Sergei Prokofiev: Symphony No. 5, Nikolai Myaskovsky: Symphony No. 21
Oslo Philharmonic Orchestra, Vasily Petrenko – direction
Lawo Classics, 2020, TT 62’34”
Let’s enjoy this recording because it’s really worth it!
Zachwyty krytyków nad nowymi nagraniami trzeba brać z dużą poprawką. Weźmy na przykład tę parę symfonii – Piątą Prokofiewa i Dwudziestą pierwszą Miaskowskiego – filharmonicy z Oslo grają je niezwykle barwnie i w sposób wyrafinowany, a prowadzący ich Wasilij Petrenko wydobył z tych kompozycji prawdziwego rosyjskiego ducha. Nie oznacza to jednak, że wcześniej nie było znakomitych interpretacji, a ta jest w jakiś sposób odkrywcza i detronizująca wcześniejsze. Przykładem może być choćby nagranie Filharmoników Berlińskich pełne blasku i piękna.
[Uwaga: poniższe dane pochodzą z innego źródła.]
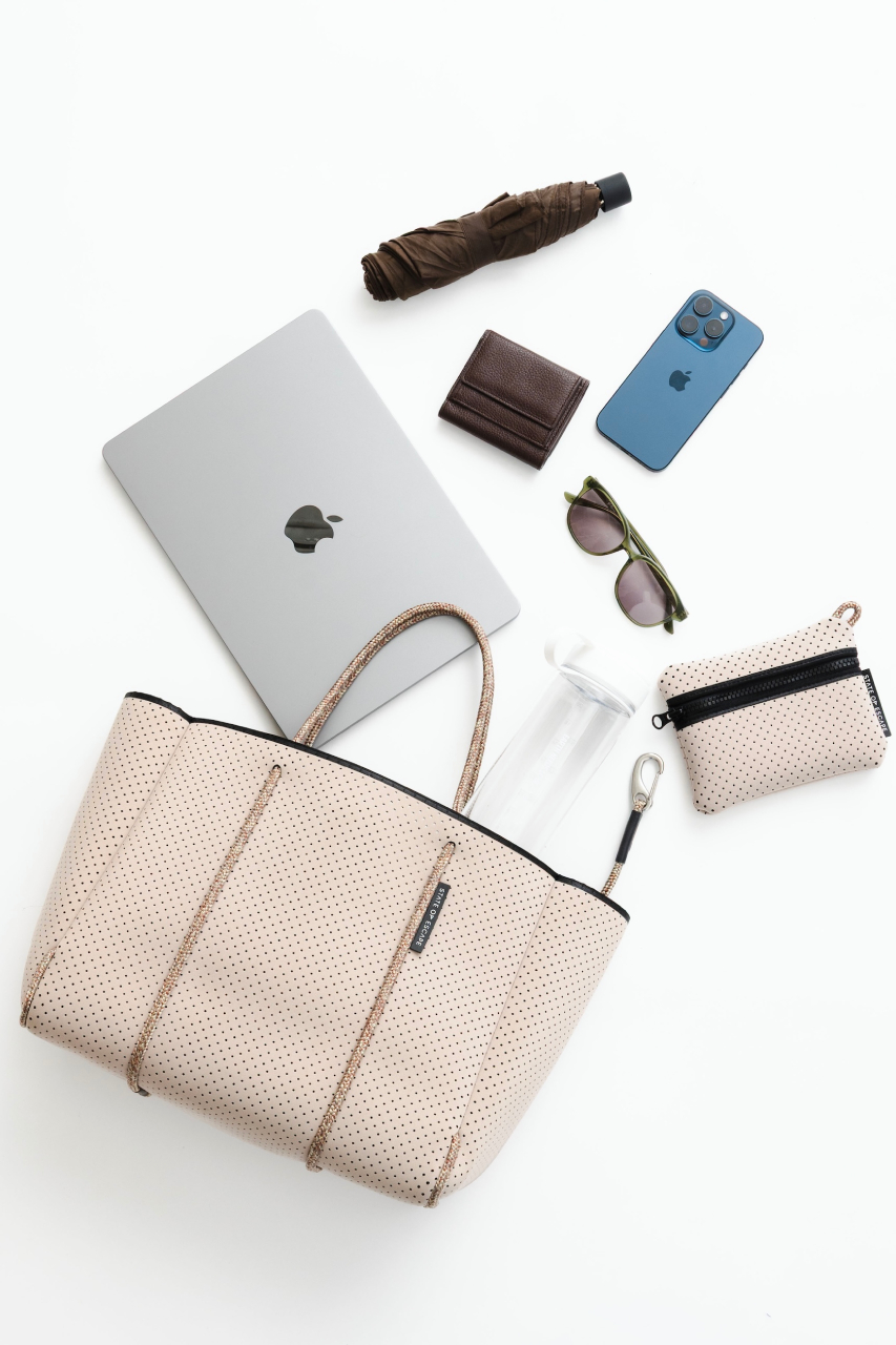 コンパクトなサイズ感ながら、500mlのボトルや長財布が収まる実用的な収納力が魅力。デイリーにちょうどいいバランスで、軽やかに持ち歩けるモデルです。付属の大きめポーチには、お財布やキーなどの大切なアイテムをまとめて収納可能。バッグの中をすっきりと保ちながら、使い勝手の良さも兼ね備えています。必要なものをスマートに収めて、身軽に動きたい日にこそ選びたいアイテム。

Ale zostawmy te akademickie dywagacje, bo nawet znając wszystkie poprzednie nagrania tych symfonii, warto sięgnąć po ten album. Dlaczego? A choćby z powodu cudownie zagranego Adagia z Piątej symfonii Prokofiewa. Petrenko nadał mu wprost idealny kształt, podobnie z resztą jak i pozostałym częściom. Hymn do wolności poprzetykany egzystencjalnym strachem – taki jest pozamuzyczny program Symfonii. Warto pamiętać, że powstawała ona w czasach, gdy Stalin próbował zmiażdżyć artystów, a Prokofiew chciał dać temu artystyczny wyraz. Prokofiewowi wtedy a Petrence teraz doskonale to się udało.
Cieszyłbym się, żeby symfonie Miaskowskiego częściej były wykonywane. Są dość krótkie, ale zarazem niezwykle emocjonalne. Dwudziesta pierwsza, zamówiona w 1940 roku przez Filharmonię Chicagowską, trwa zaledwie kwadrans i zbudowana jest z trzech części. To dobra kompozycja, szczególnie jeśli chodzi partie instrumentów dętych. Petrenko poprowadził ją ze smakiem, przy okazji unikając samokontroli, z której jest powszechnie znany.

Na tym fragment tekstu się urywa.